= Michael Tom =

American sculptor

Man: b. 1910-d. 1969/Woman: b. 1914-d. 1974 by Michael Tom, copper, 1989, Hawaii State Art Museum

Michael Tom (1946–1999) was an American sculptor.

== Early life ==
Tom was born and raised in Honolulu, Hawaii. Tom was adopted and named as Michael Goon Bing Tom. Tom's sister is Crystella.

== Education ==
In 1971, Tom received a Bachelor of Fine Arts degree in painting and metalsmithing from Sonoma State University in Rohnert Park, California, and pursued graduate studies at San Diego State University.

== Career ==
Tom started his career as a teacher for students with special needs.

Tom started his artistic career as a painter, but was then drawn to making art jewelry. Art jewelry led to metalsmithing, which in turn led to metal and mixed media sculpture.

In 1992, Tom was the recipient of the second Catharine E. B. Cox Award for Excellence in the Visual Arts and has a solo exhibition at the Honolulu Academy of Arts Tom is best known for his small sculptures of hammered copper. Death is a pervasive theme in his work (Clark, 1996).
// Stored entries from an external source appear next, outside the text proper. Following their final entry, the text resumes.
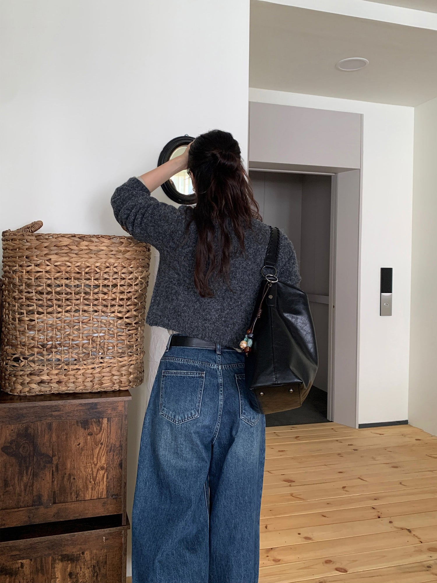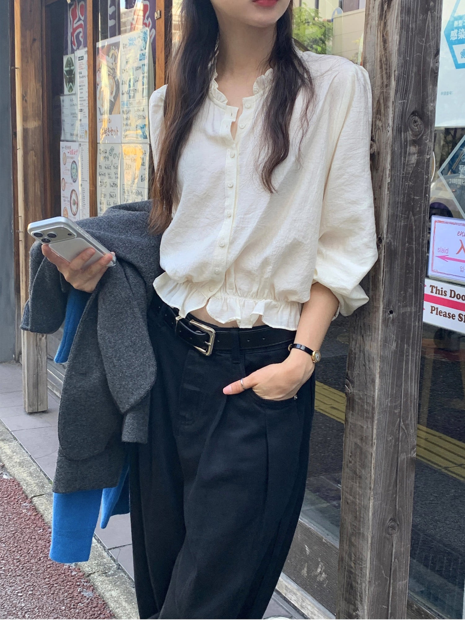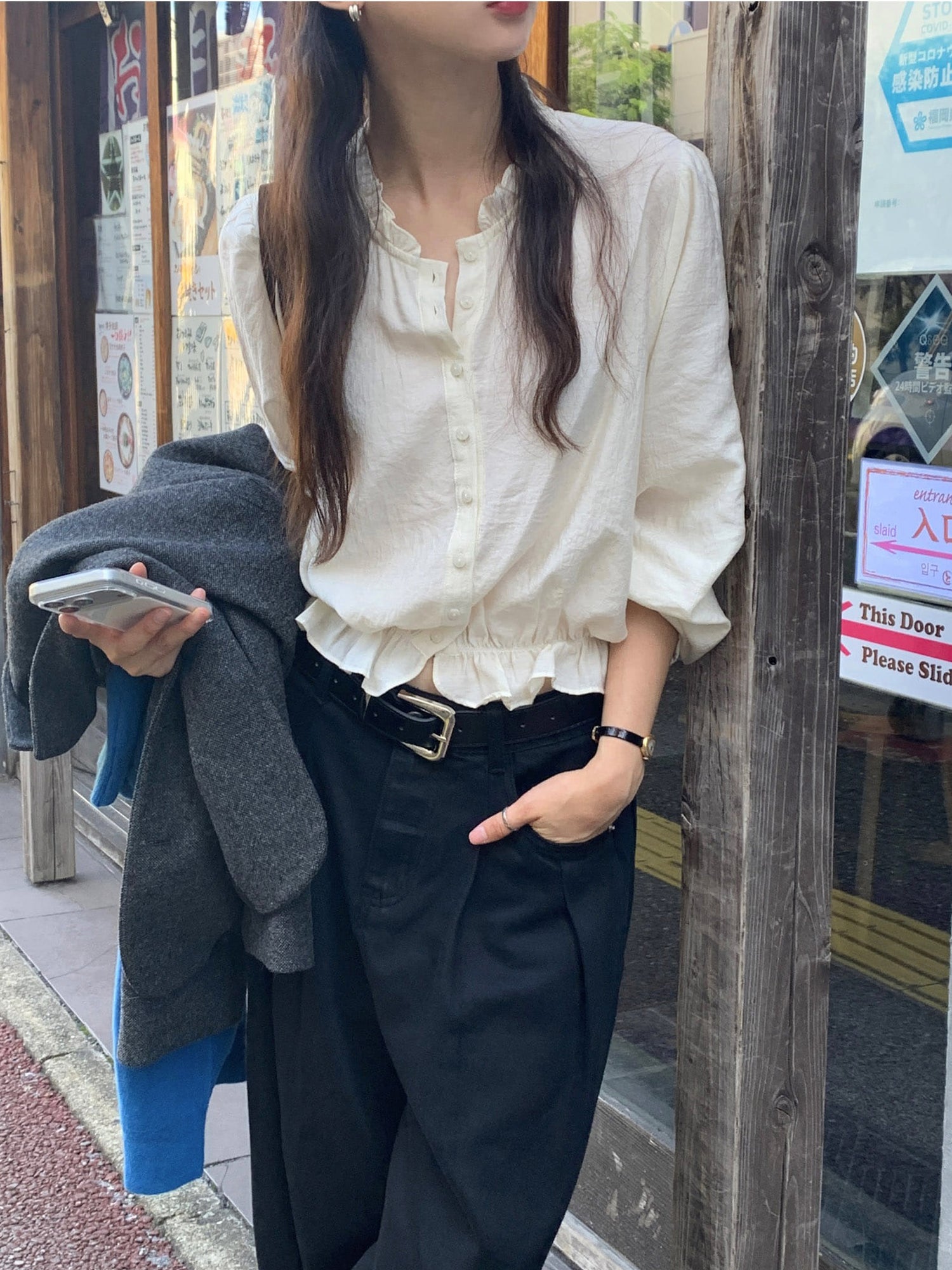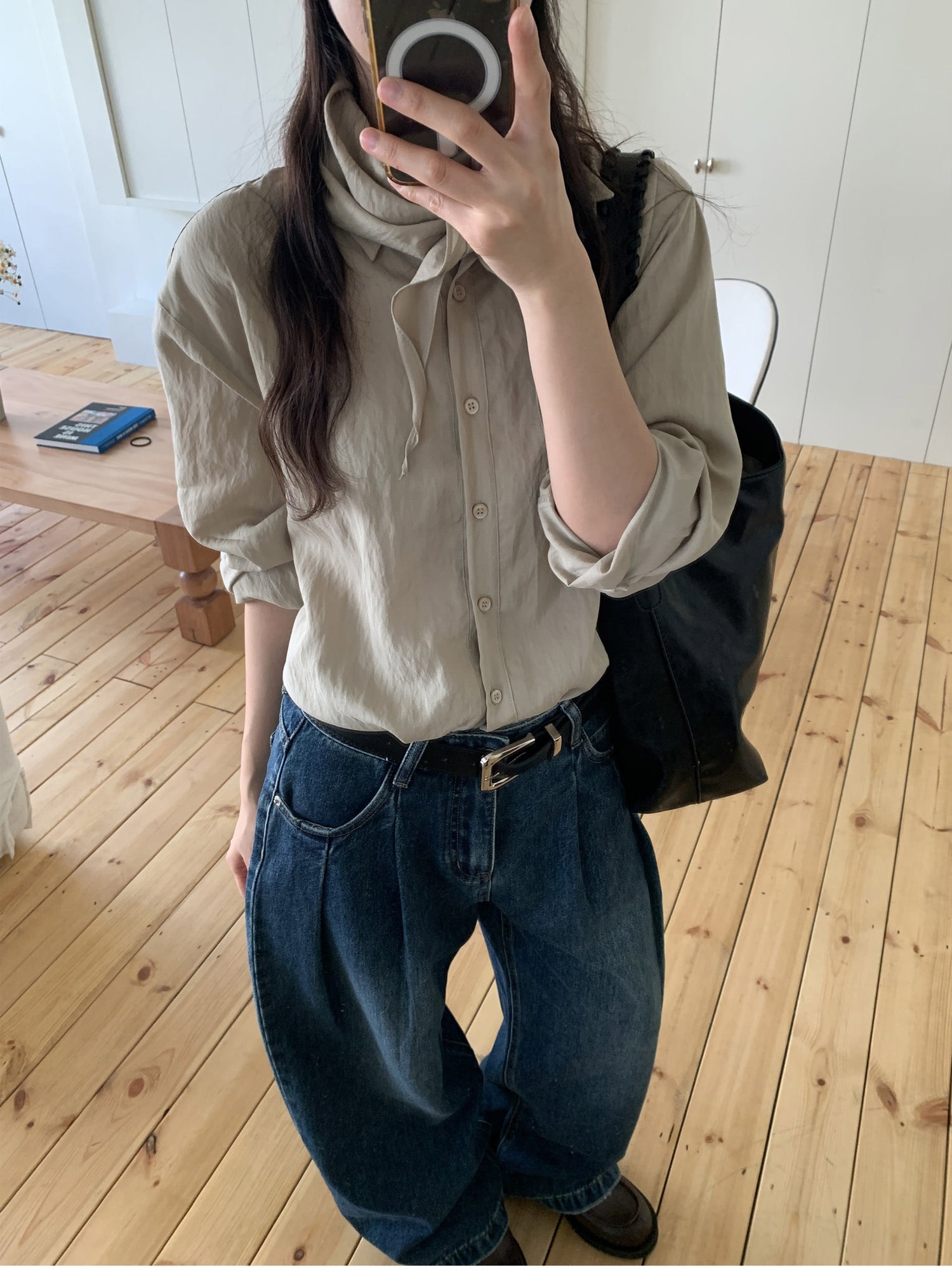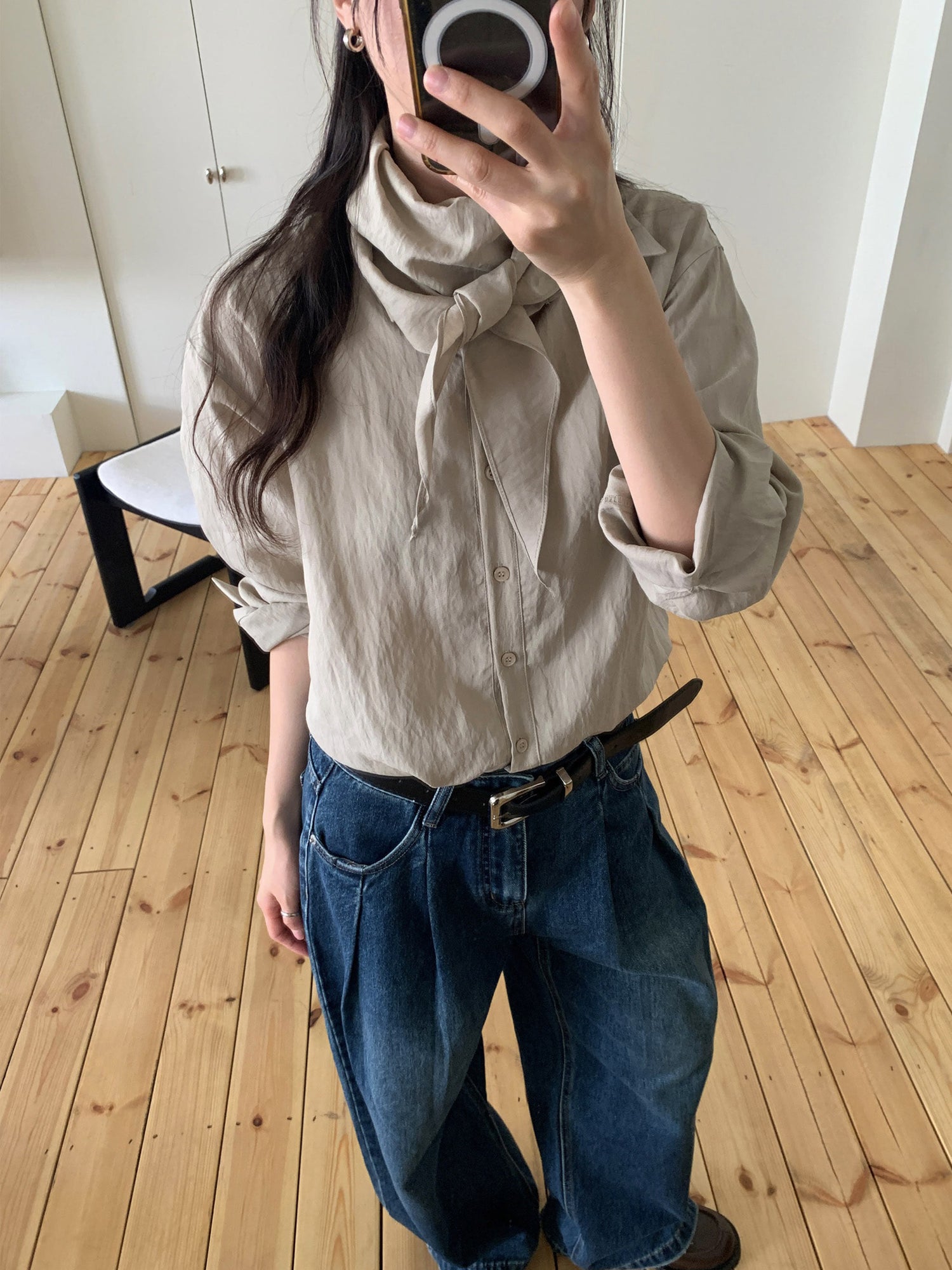 復古美色雙壓褶垂感闊褲(附皮帶)
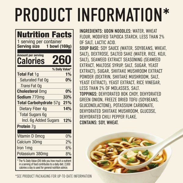 Udon Noodles: Water, Wheat Flour, Modified Tapioca Starch, Less Than 2% Of Salt, Lactic Acid. Soup Base: Soy Sauce (water, Soybeans, Wheat, Salt), Dextrose, Salted Sake (water, Rice, Koji, Salt), Seaweed Extract Seasoning (seaweed Extract, Maltose Syrup, Salt, Sugar, Yeast Extract), Sugar, Shiitake Mushroom Extract Powder (dextrin, Shiitake Mushroom. Salt, Yeast Extract), Yeast Extract, Rice Vinegar, Less Than 2% Of Molasses, Salt. Toppings: Dehydrated Bok Choy, Dehydrated Green Onion, Freeze Dried Tofu (soybeans, Gluconolactone), Potassium Carbonate, Dehydrated Shiitake Mushroom, Glucose, Dehydrated Chili Pepper Flake.
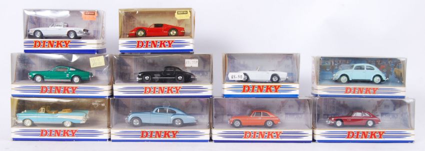 A collection of 10x Dinky Matchbox cars part of the 'Dinky Collection. Cars include; DY-6 1951 VW, DY-20 1960 Triumph, DY-27 1957 Chevrolet, DY-19 1973 MGBGT V8, DY-12B 1955 Mercedes Benz etc. All within original boxes.
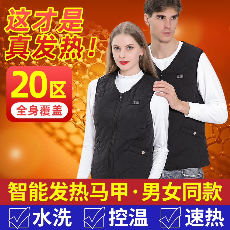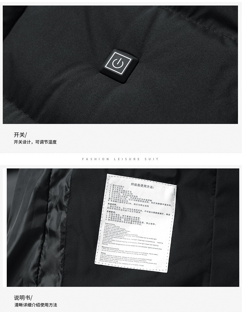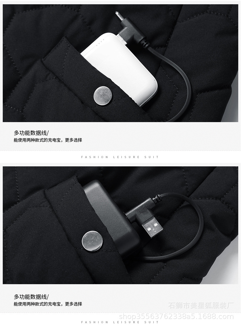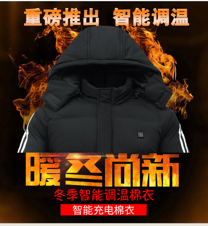 发热服冬季智能发热羽绒棉衣加热衣服电热男女过膝长款充电发热服

Some of his sculptures are anthropomorphic, referencing birth, war, and death. Man: b. 1910-d. 1969/Woman: b. 1914-d. 1974, in the collection of the Hawaii State Art Museum, demonstrates the artist's anthropomorphic work. The East-West Center, the Hawaii State Art Museum, and the Honolulu Museum of Art and they are among the public collections holding sculptures by Michael Tom.

== Personal life ==
Tom's second wife was Pamela Simon.
On April 12, 1999, Tom died of liver cancer in Honolulu, Hawaii. He was 52 years old.

== Additional sources ==
- Clarke, Joan and Diane Dods, Artists/Hawaii, Honolulu, University of Hawaii Press, 1996, 110-115.
- Contemporary Museum, Honolulu, The Contemporary Museum Biennial of Hawaii Artists IV, Contemporary Museum, Honolulu, 1999, pp. 19–21.
- East-West Center, East-West Treasures, Selected Works from the Permanent Collection, East-West Center, Honolulu, 2010, p. 8.
- Hartwell, Patricia L. (editor), Retrospective 1967-1987, Hawaii State Foundation on Culture and the Arts, Honolulu, Hawaii, 1987, p. 110
- Yoshihara, Lisa A., Collective Visions, 1967-1997, An Exhibition Celebrating the 30th Anniversary of the State Foundation on Culture and the Arts, Art in Public Places Program, Presented at the Honolulu Museum of Art, September 3-October 12, 1997, Honolulu, State Foundation on Culture and the Arts, 1997, p. 59.